===== Given data
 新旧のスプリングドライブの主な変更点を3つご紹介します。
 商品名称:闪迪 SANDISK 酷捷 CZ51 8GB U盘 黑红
==========
===== Given data
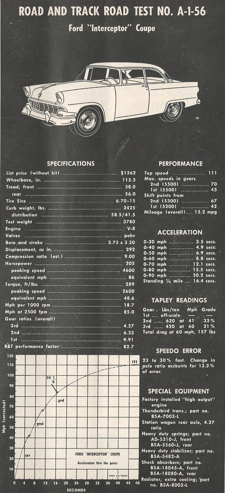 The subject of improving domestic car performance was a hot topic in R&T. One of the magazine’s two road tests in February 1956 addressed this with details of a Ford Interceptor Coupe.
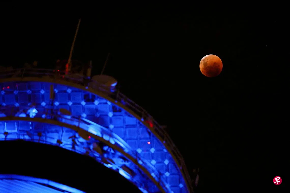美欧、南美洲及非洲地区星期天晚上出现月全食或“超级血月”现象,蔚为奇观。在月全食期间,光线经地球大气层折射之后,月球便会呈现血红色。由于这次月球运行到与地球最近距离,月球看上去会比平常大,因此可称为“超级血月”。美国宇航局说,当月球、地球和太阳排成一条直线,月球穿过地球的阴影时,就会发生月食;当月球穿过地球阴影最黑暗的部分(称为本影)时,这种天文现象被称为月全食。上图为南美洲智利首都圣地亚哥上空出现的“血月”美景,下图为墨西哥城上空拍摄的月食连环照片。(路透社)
==========
_How to complete this task_. Print from the line containing "The subject of" through the line containing "美欧、南美洲及非洲地区星期天" in the data above, exactly as the lines stand, and omit every picture.

_Response to the task_.
 The subject of improving domestic car performance was a hot topic in R&T. One of the magazine’s two road tests in February 1956 addressed this with details of a Ford Interceptor Coupe.
美欧、南美洲及非洲地区星期天晚上出现月全食或“超级血月”现象,蔚为奇观。在月全食期间,光线经地球大气层折射之后,月球便会呈现血红色。由于这次月球运行到与地球最近距离,月球看上去会比平常大,因此可称为“超级血月”。美国宇航局说,当月球、地球和太阳排成一条直线,月球穿过地球的阴影时,就会发生月食;当月球穿过地球阴影最黑暗的部分(称为本影)时,这种天文现象被称为月全食。上图为南美洲智利首都圣地亚哥上空出现的“血月”美景,下图为墨西哥城上空拍摄的月食连环照片。(路透社)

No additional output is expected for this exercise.